Страница 19 из 23
Утром следующего дня Дронов предстал при полном параде.
Хозяин тоже одевался.
— Ты побрейся, — сказал Дронов. — Костюм одень, галстук, туфли почисть.
— Это еще зачем?
— Пойдем куда-нибудь, поговорим.
— В Серпухов, что ли, поедем, в ресторан?
— Зачем нам ресторан? Пойдем на волю, в лес.
— Так на хрена мне туфли чистить и галстук надевать — в лесу и так сойдет.
— Для себя. Ты уж уважь меня.
— Религиозный ты стал. В секте, что ли?
Хозяин сел бриться. А Дронов стал собирать мешок.
— Третью-то чашку зачем берешь?
— Надо.
— Ну-ну…
Дронов достал платок, развернул, и в руках засияла колодка орденов и медалей. Он прицепил ее к пиджаку.
Хозяин только покосился, но промолчал. Продолжал бриться.
— Ты тоже свои надень, — сказал Дронов.
— Мама! — крикнул хозяин.
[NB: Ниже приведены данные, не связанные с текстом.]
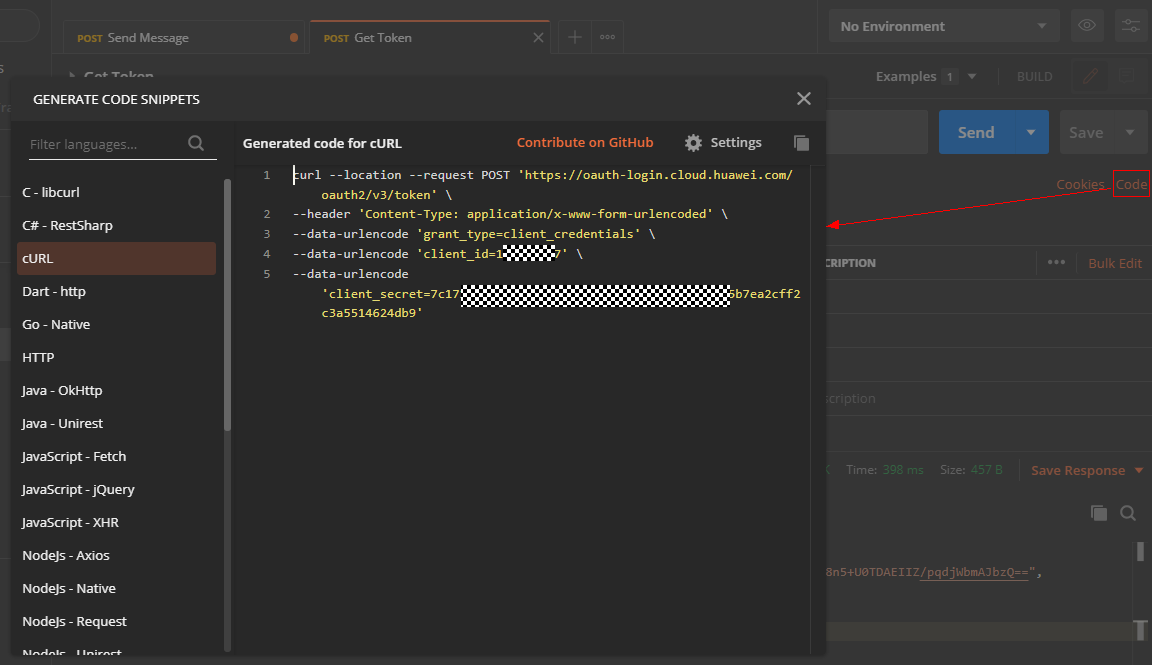 使用Postman已有的调试成功的接口,可以自动生成其他工具的命令,如常用的cURL、Nodejs、Python、Ruby等,可以直接复制使用。
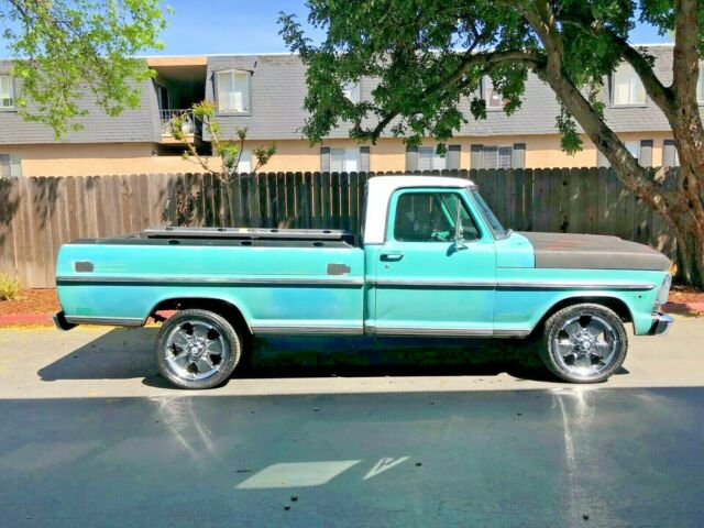 1969 Ford F250 pickup• Blue on black, 390ci engine with C6 transmission, Long bed 2wd.• I have had it since 2013. The truck sat for 16 years before I purchased it. Very solid truck. I have driven it up and down the west coast many times without issues.• This truck is not a show vehicle it has surface rust, faded paint, holes, dents, dings and scratches all over the body. The hood is faded raddle can black.• Truck has estimated mileage of 78K. Current odometer/ speedometer not hooked up due to missing speedometer cable. Currently registered and insured in CA. Pink slip will accompany vehicle but custom black CA plates will not.• Last year; engine heads rebuilt, replaced carburetor and exhaust headers, tail lights, headlights and cooling fan.• Last 3 years; brakes, kingpins, front suspension, differential and steering box rebuilt, new carpet, floor mats, distributor, battery, door panels and grant steering wheel installed.• Upgrades over the last 6 years; Lokar floor shifter, driveshaft loop, 20" wheels, Pro-comp gauges with aluminum dash insert, edelbrock air cleaner valve covers and performance aluminum intake, airplane style seat belts, aluminum pulleys, new power steering pump, aluminum radiator, aluminum water pump, electronic ignition, hood pins, power steering cooler, transmission fluid cooler, engine oil cooler, engine oil filter relocation kit, aluminum transmission and engine dipsticks, front and rear aftermarket sway bars. Polyurethane bushings and bumper stops, chrome bed rails, grant steering wheel, chrome glove box and mirrors, aluminum differential cover and air cleaner riser, headers with performance exhaust system, chrome bumpers front and back, dash cover. Etc....• Issues with the truck; steering box and transmission have started to leak fluid, a few electrical gremlins exist, one of the bed mounts is loose, been sitting all winter and needs a tune up. Also, no radio.Please ask questions, contact me for more pictures or information before you bid. Vehicle is sold as is where it is with no warranties or promises. The vehicle in the pictures is what your getting.Payment will be via PayPal only. $500 deposit due at auction end, remainder within 73 hours. Deposit is non refundable and will be forfeited after 73 hours of auction end if not paid in full.Appointment will be needed to pickup vehicle. Pickup must be made withing two weeks of auction end.10% of vehicle sale goes to K9 Mission charity.Thank youJason
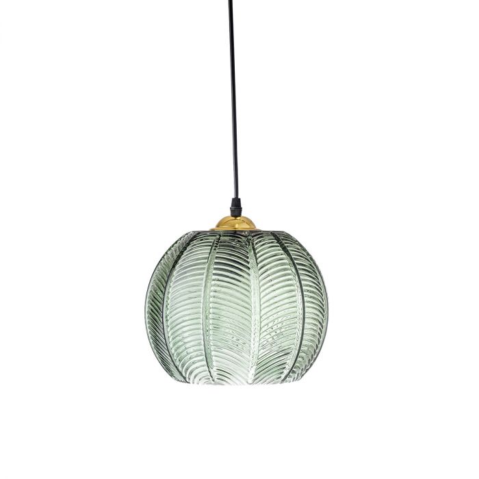 Créez une ambiance exotique avec cette lampe à suspension Adar. Le verre vert foncé est rainuré pour simuler des feuilles de palmier, créant une atmosphère très exotique, surtout lorsqu'il est orné d’éléments dorés.
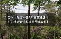 • 如何用短信平臺API高效觸達用戶?技術(shù)對接與運營策略全解析
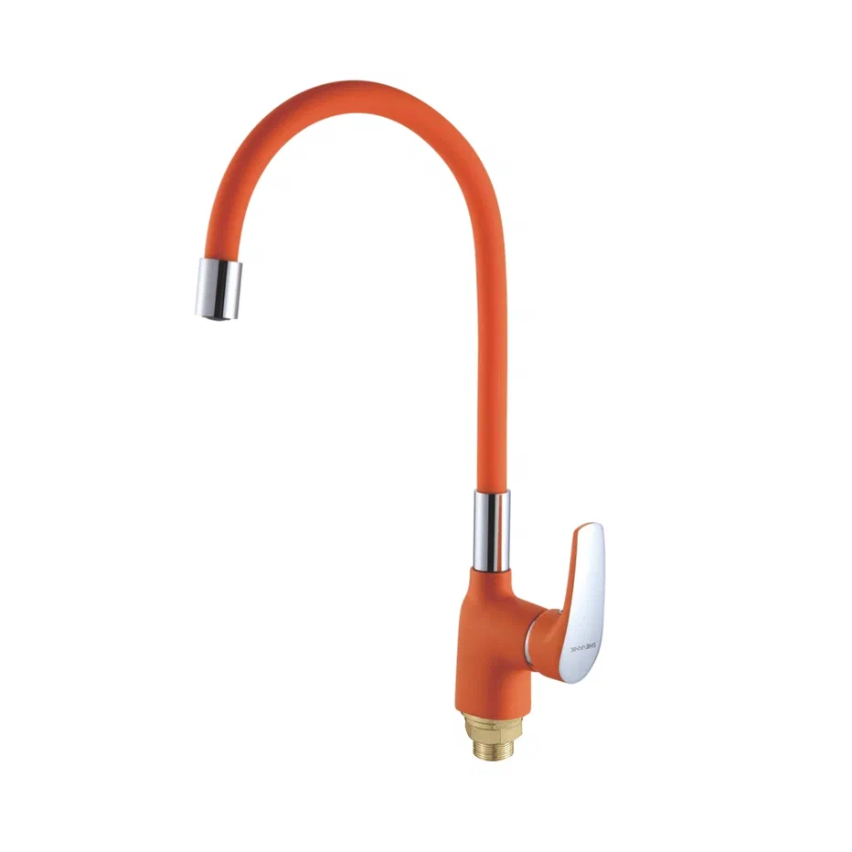 Смеситель для кухни с гибким изливом Shevanik S443-4, оранжевый. Управление: рычажное. Вращение излива: да. Выдвижной излив: нет. Гибкий излив: да. Высота:36,5.
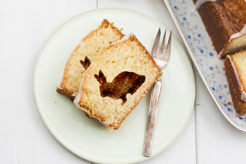 ⑦• Couper le gâteau en tranches épaisses et régulières, et découper dans celles-ci des lapins à l’aide du cookie cutter (l’emporte-pièce peut être congelé au préalable pour faciliter la découpe).
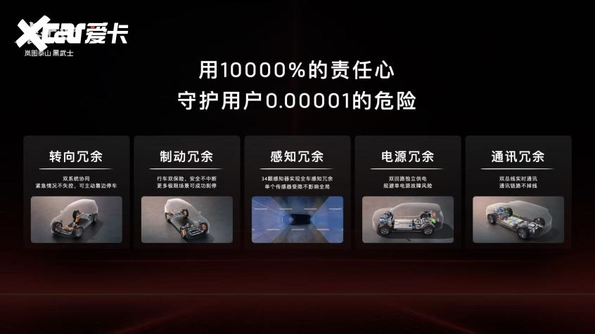 为保障L3级有条件自动驾驶的安全要求,岚图泰山打造了转向、制动、感知、通讯、电源五大安全冗余设计,构筑起双重安全保障。转向系统配备2套独立传感器、双电源供电、双控制单元等六重冗余,主副系统同时工作降低失效概率;制动系统新增RBU控制器,相较于L2.9级别实现硬件升级;电源采用a/b双供电网,任意一路短路另一路可无缝接棒;34颗全冗余感知硬件确保单个传感器受限不影响全局;双总线实时通讯保障控制信号链路不掉线。在央视直播的封闭场地测试中,岚图泰山面对驾驶者失能、前车掉落障碍物、异物遮挡视线等危机场景,能快速做出正确驾驶决策,在悬空、极窄车位中也能精准完成自动泊车,充分验证了其智驾安全实力。
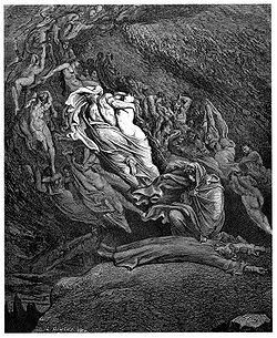 Gustave Doré(1832-1883),ilustrou no século XIX "A Divina Comédia" de Dante,com tais requintes de beleza e perfeição,que muito poucos depois dele se atreveram a ilustrar o poema.Suas imagens impactam além da perfeição do traço.Todo o horror do inferno de Dante está refletido nelas,com seu clima soturno,de desespero e desilusão,com um Dante sempre agarrado a Virgílio,sempre com uma expressão de pavor quase inexprimível no olhar.Mais que ninguém,Doré soube literalmente colocar no papel toda a força da obra de Dante,todo o padecimento insuportável dos pecadores dantescos,em um mundo além da imaginação.Suas imagens do paraíso estão cheia de formas diáfanas e coros de anjos,já há anos luz dos pavores infernais.Um dos maiores desenhistas de todos os tempos,sem dúvida.
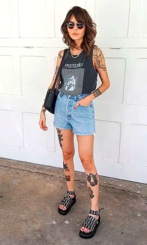 Цей повсякденний образ поєднує в собі безрукавку з графічним малюнком і джинсові шорти з високою талією, що ідеально підходить для невимушеного літнього дня. Графічний дизайн додає індивідуальності, а шорти забезпечують комфорт і стиль.
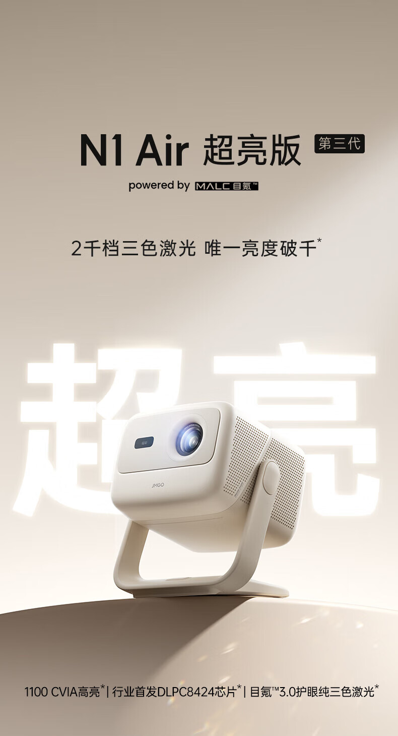 坚果投影N1 Air超亮版第三代 投影仪家用 纯三色激光高清家庭影院云台投影机 (1100CVIA) N1 Air超亮版【升级第3代】【标配】

Появилась старушка. — Найди мои регалии, у тебя где-то в чулках валялись.
— Ордена у меня, — заспешила старушка, — а медали у Юрика. Он ведь две медальки променял…
— Вот засранец. Давай те, что остались.
— В райком собираетесь?
— В райком, — сказал хозяин. — Ты, мать, давай поживее.
Бабушка засуетилась. Достала пластмассовую коробку «800 лет Москве», вытащила нитки, веревочки, ленты, какие-то бумажки, старые письма, достала ордена. Порылась еще в одной коробке, но ничего не нашла. Ушла и вернулась с двумя медалями.
— Что-то маловато, — сказал хозяин, — больше было. За что ж я кровь проливал? — Он уже побрился и натягивал брюки.
— Ищу, ищу, — сказала старушка.
— Ищи, мать, как хлеб.
Хозяин одевался, а Дронов чистил его медали и ордена, мастерил какие-то ленточки, прилаживал их к пиджаку.
— Ты и ранения повесить хочешь? Зачем? Они все при нас, не скроешь.
— Надо.
— Раз надо — давай. Пиджак тоже уродовать будешь? — сказал он, глядя, как Дронов прикладывает к его пиджаку орден Красной Звезды.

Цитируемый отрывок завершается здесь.